╔══

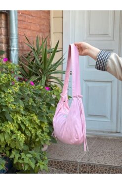 RONASBAG Bow Bag Pembe Kadın Astarlı Içi Gözlü Fiyonk Detaylı Fermuarlı Baget Kol Çantası
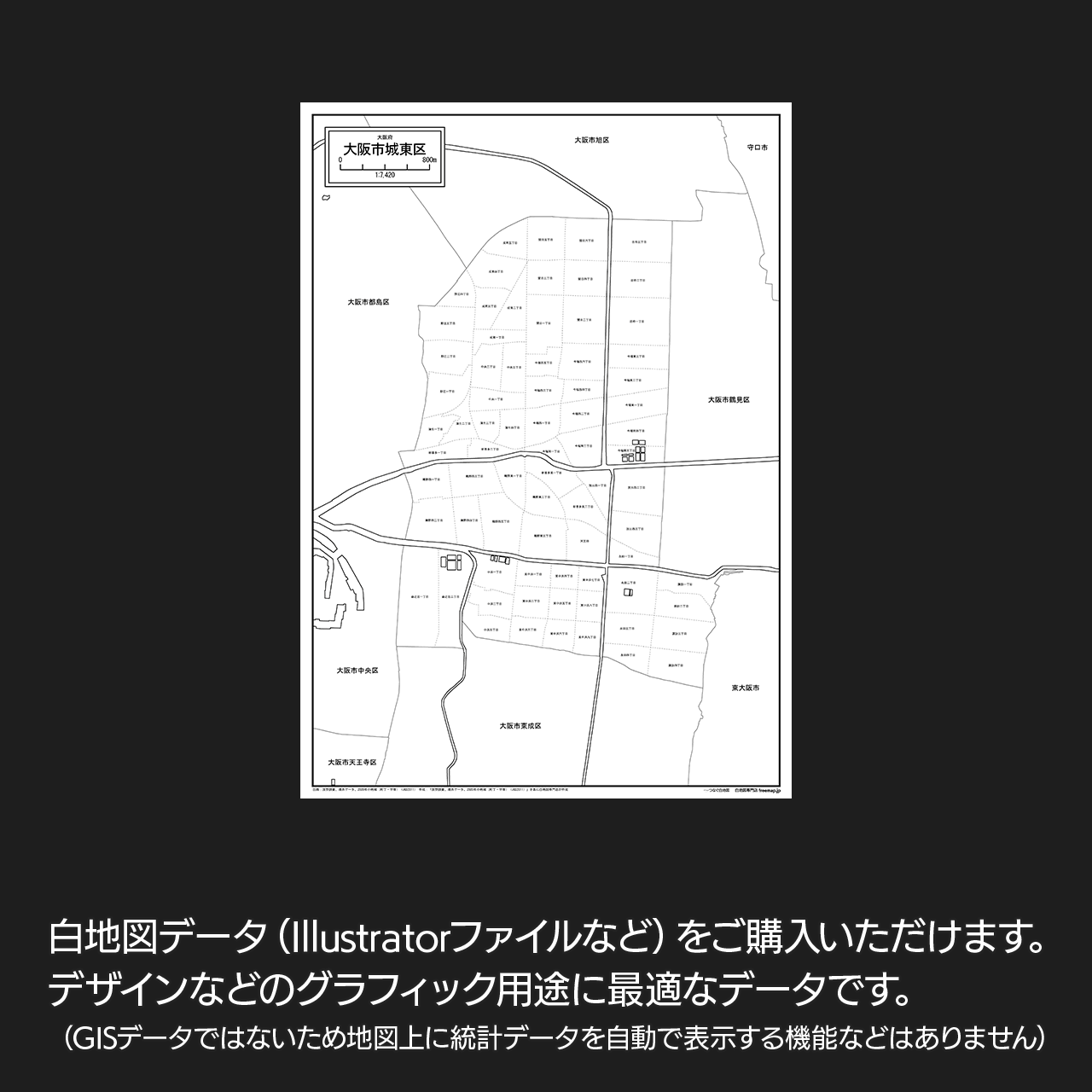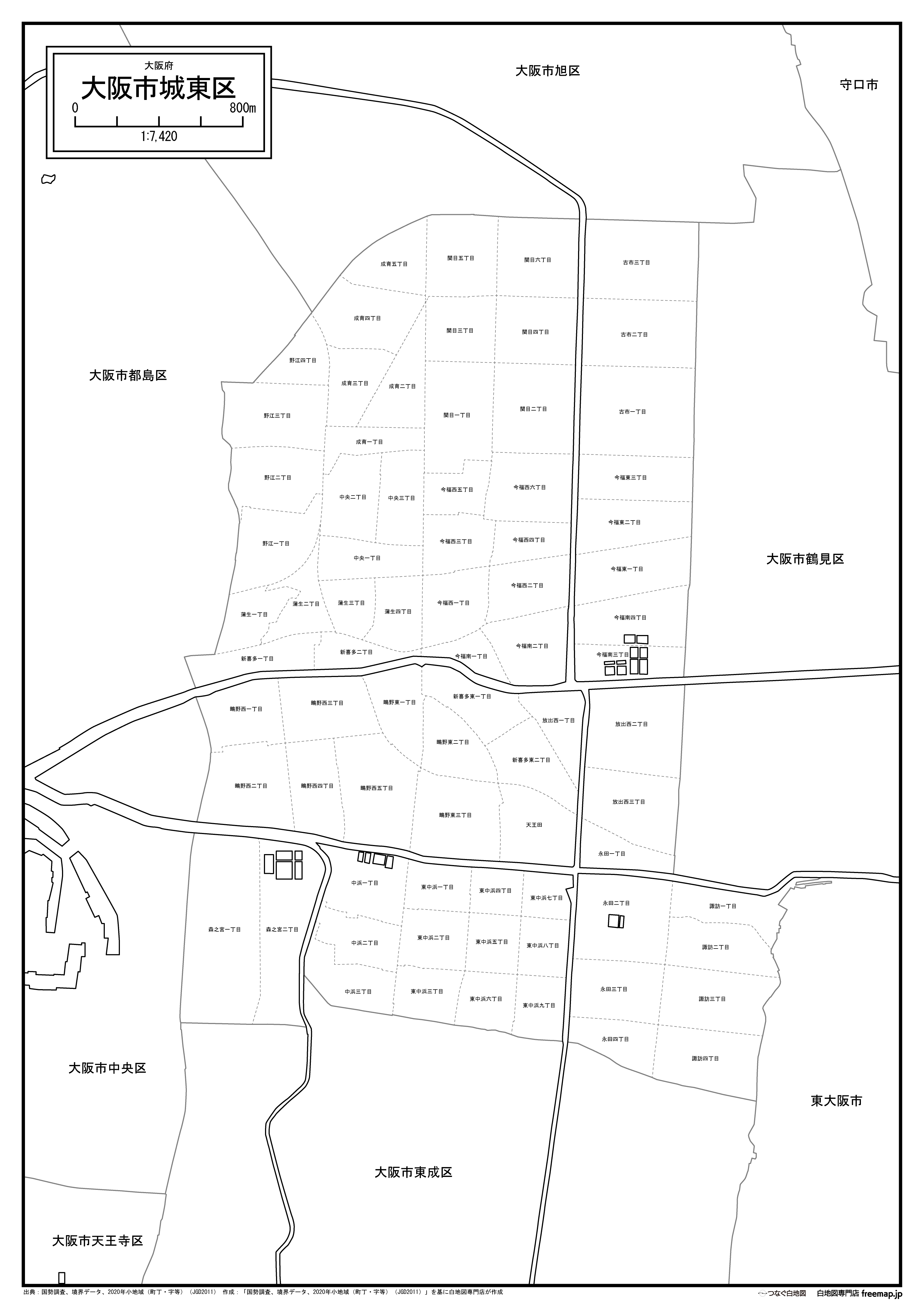 大阪市城東区の町名(町丁目)も記載した地図データです。
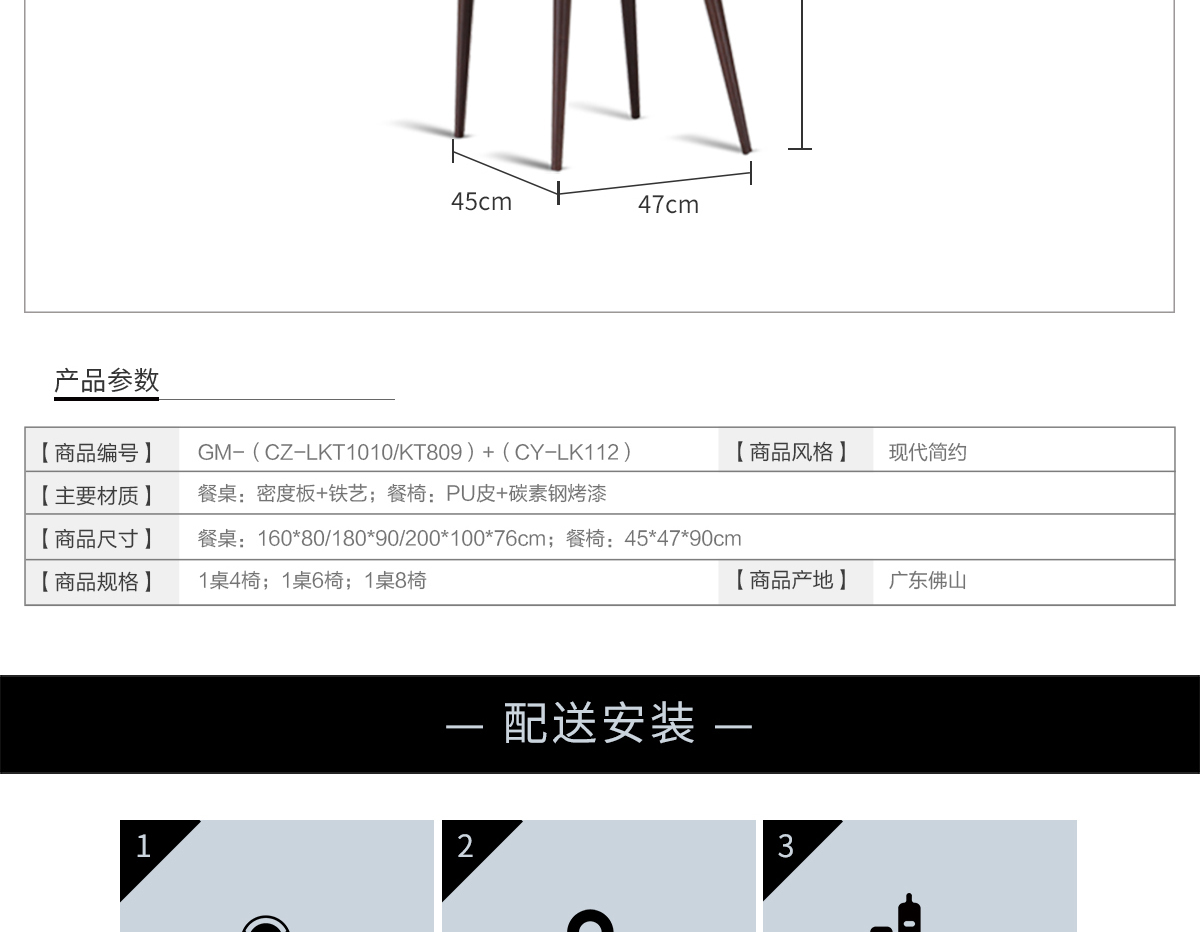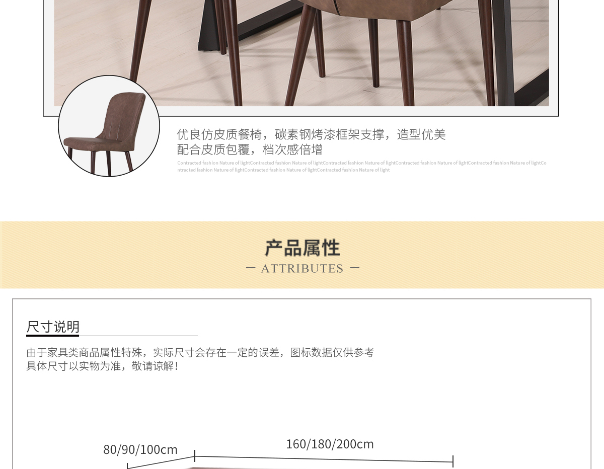 尺寸:餐桌(1600*800*760MM)+餐椅(45*47*90)
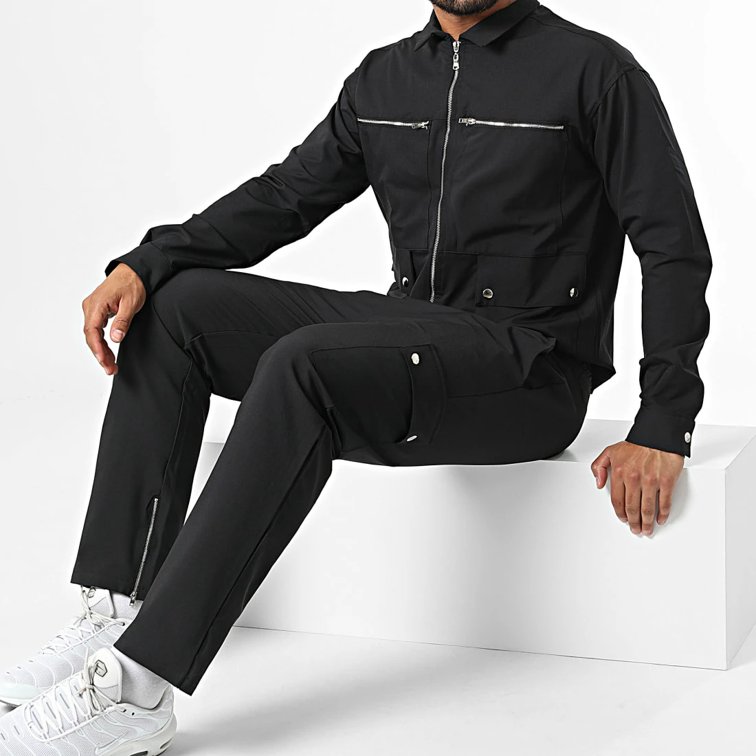 Ensemble Veste Zippée Et Pantalon Cargo KL-2093 Noir de ADJ
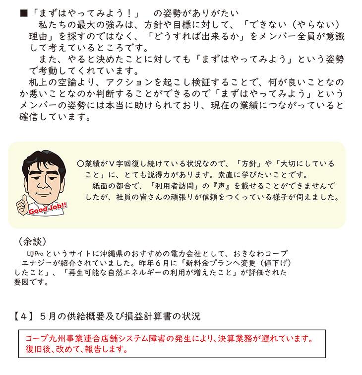 コープ首里 事務の皆さん 推薦者 コープこくば 西村 尚子さん 理由 コープベーカリーの値上げの際、急にも関わらずほとんどの商品POPを変更し、 データを共有していただきました。おかげで2~3時間の残業時間を回避することができました。 5月4週 |

╚══

[Exercise]
Retype the entries word for word. Omit any images.

[Response below]
 RONASBAG Bow Bag Pembe Kadın Astarlı Içi Gözlü Fiyonk Detaylı Fermuarlı Baget Kol Çantası
 大阪市城東区の町名(町丁目)も記載した地図データです。
 尺寸:餐桌(1600*800*760MM)+餐椅(45*47*90)
 Ensemble Veste Zippée Et Pantalon Cargo KL-2093 Noir de ADJ
 コープ首里 事務の皆さん 推薦者 コープこくば 西村 尚子さん 理由 コープベーカリーの値上げの際、急にも関わらずほとんどの商品POPを変更し、 データを共有していただきました。おかげで2~3時間の残業時間を回避することができました。 5月4週 |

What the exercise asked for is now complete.